Material supplied:
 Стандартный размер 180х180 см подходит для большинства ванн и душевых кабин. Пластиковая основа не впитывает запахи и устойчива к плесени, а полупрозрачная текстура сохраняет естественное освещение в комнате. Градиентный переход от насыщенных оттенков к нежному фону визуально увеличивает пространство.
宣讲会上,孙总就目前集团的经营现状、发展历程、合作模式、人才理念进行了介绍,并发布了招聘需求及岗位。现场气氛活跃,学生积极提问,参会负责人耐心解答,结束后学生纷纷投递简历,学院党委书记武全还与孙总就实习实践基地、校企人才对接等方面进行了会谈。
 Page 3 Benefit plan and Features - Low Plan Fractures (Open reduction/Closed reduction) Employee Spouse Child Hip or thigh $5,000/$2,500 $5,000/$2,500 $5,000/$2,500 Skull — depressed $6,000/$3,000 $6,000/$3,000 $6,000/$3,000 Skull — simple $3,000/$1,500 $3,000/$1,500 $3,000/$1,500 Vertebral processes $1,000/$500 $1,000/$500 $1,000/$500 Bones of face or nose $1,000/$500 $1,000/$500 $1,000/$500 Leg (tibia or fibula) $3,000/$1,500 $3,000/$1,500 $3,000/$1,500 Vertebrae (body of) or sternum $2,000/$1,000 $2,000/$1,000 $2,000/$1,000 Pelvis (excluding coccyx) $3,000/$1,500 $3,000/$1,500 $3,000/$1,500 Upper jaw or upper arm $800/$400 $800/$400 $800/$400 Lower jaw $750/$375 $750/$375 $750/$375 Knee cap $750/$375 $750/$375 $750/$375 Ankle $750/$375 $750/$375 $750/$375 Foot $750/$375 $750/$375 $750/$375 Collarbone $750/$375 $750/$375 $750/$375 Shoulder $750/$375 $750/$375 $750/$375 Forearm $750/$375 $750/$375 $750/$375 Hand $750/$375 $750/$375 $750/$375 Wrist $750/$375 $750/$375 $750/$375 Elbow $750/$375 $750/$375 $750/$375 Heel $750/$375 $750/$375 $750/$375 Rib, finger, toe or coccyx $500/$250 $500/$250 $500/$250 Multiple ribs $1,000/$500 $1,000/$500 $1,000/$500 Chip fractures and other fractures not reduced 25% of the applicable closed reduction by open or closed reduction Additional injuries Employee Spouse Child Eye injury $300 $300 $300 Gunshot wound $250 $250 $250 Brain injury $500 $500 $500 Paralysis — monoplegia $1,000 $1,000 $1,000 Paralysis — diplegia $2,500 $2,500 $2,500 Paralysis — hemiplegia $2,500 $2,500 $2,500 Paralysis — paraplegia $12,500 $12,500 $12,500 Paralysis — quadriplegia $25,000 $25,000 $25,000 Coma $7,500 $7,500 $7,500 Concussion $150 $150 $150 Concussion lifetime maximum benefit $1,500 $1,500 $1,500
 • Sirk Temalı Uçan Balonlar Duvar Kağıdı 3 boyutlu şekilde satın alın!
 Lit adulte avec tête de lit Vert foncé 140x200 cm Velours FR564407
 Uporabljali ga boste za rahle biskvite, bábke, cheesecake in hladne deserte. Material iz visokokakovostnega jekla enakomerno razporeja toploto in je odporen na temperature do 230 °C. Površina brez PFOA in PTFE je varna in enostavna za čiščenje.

...

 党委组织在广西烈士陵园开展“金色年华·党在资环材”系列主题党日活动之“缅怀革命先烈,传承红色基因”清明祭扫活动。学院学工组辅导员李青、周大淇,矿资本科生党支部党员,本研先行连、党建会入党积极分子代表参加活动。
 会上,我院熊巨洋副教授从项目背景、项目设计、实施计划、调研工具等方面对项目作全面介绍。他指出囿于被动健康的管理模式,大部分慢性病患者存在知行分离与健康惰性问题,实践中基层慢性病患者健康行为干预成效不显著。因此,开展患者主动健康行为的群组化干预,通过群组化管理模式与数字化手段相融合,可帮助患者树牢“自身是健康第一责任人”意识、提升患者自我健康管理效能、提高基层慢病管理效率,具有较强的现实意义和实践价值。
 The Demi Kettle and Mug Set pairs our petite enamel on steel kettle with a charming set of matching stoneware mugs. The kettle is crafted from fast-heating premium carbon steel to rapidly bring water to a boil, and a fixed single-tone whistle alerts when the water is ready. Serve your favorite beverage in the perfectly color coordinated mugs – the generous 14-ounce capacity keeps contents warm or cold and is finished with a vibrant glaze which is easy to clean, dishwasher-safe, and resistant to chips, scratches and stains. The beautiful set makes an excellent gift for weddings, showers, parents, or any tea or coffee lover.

--

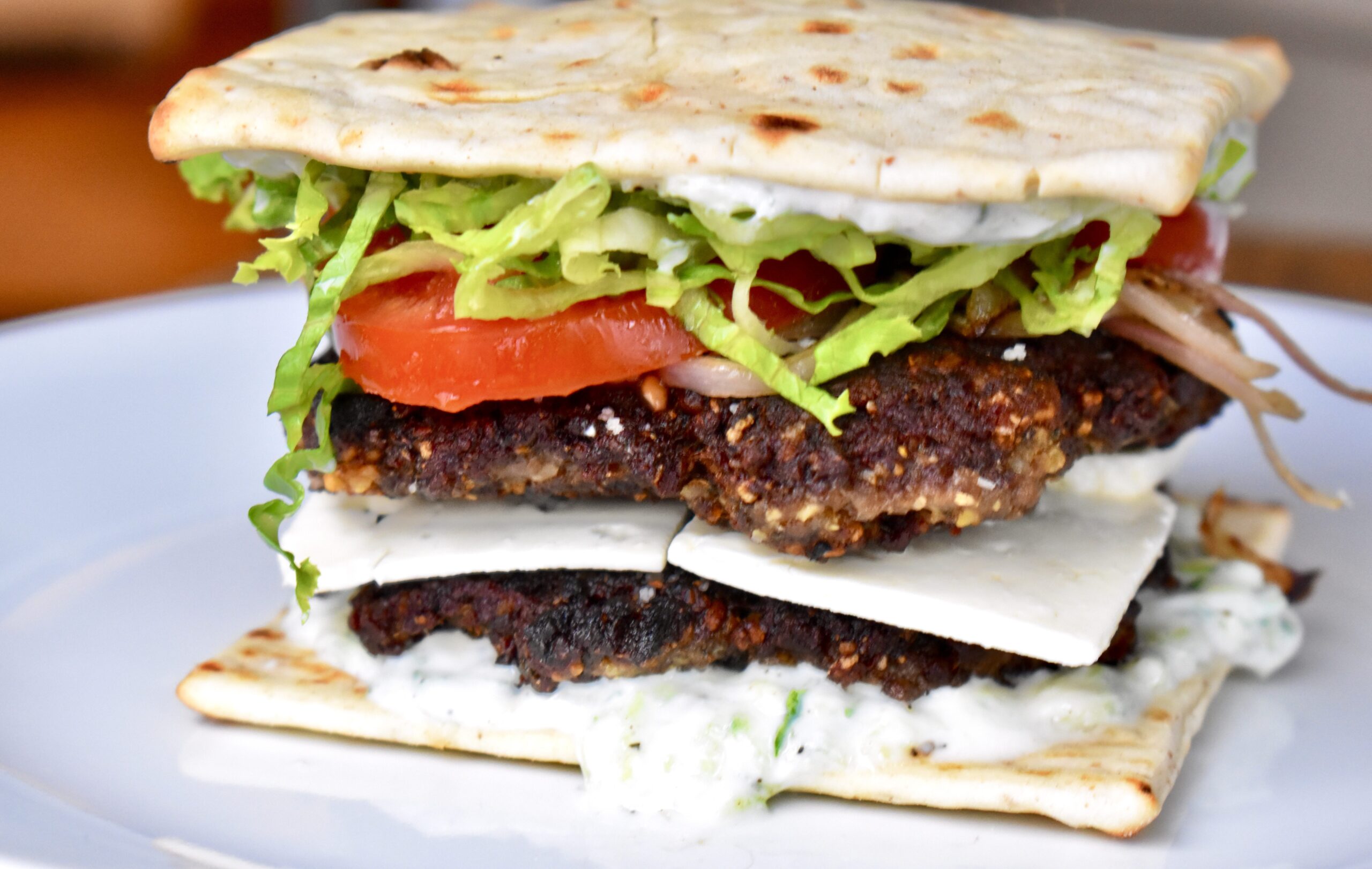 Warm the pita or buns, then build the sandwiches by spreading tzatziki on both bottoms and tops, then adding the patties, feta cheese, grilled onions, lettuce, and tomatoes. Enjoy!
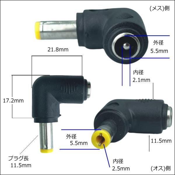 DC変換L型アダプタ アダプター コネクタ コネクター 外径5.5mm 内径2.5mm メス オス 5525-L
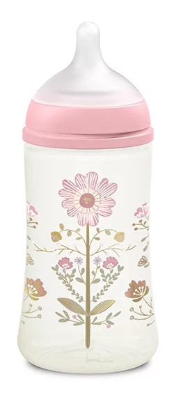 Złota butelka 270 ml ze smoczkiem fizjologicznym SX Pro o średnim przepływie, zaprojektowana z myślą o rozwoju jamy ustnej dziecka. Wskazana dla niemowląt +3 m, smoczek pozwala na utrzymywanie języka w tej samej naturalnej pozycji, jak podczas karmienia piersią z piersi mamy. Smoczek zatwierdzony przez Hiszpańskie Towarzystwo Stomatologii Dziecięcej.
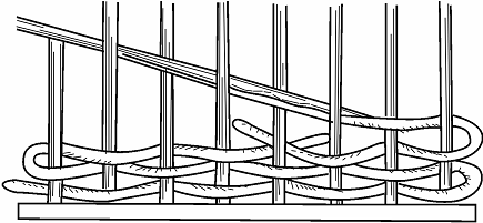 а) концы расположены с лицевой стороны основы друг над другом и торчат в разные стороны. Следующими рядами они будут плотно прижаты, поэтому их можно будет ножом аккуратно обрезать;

Work request:
For the listing above, print only the lines starting at the line containing "Стандартный размер 180х180" and ending at the line containing "宣讲会上,孙总就目前集团的经", exactly, both included.

Output below:
 Стандартный размер 180х180 см подходит для большинства ванн и душевых кабин. Пластиковая основа не впитывает запахи и устойчива к плесени, а полупрозрачная текстура сохраняет естественное освещение в комнате. Градиентный переход от насыщенных оттенков к нежному фону визуально увеличивает пространство.
宣讲会上,孙总就目前集团的经营现状、发展历程、合作模式、人才理念进行了介绍,并发布了招聘需求及岗位。现场气氛活跃,学生积极提问,参会负责人耐心解答,结束后学生纷纷投递简历,学院党委书记武全还与孙总就实习实践基地、校企人才对接等方面进行了会谈。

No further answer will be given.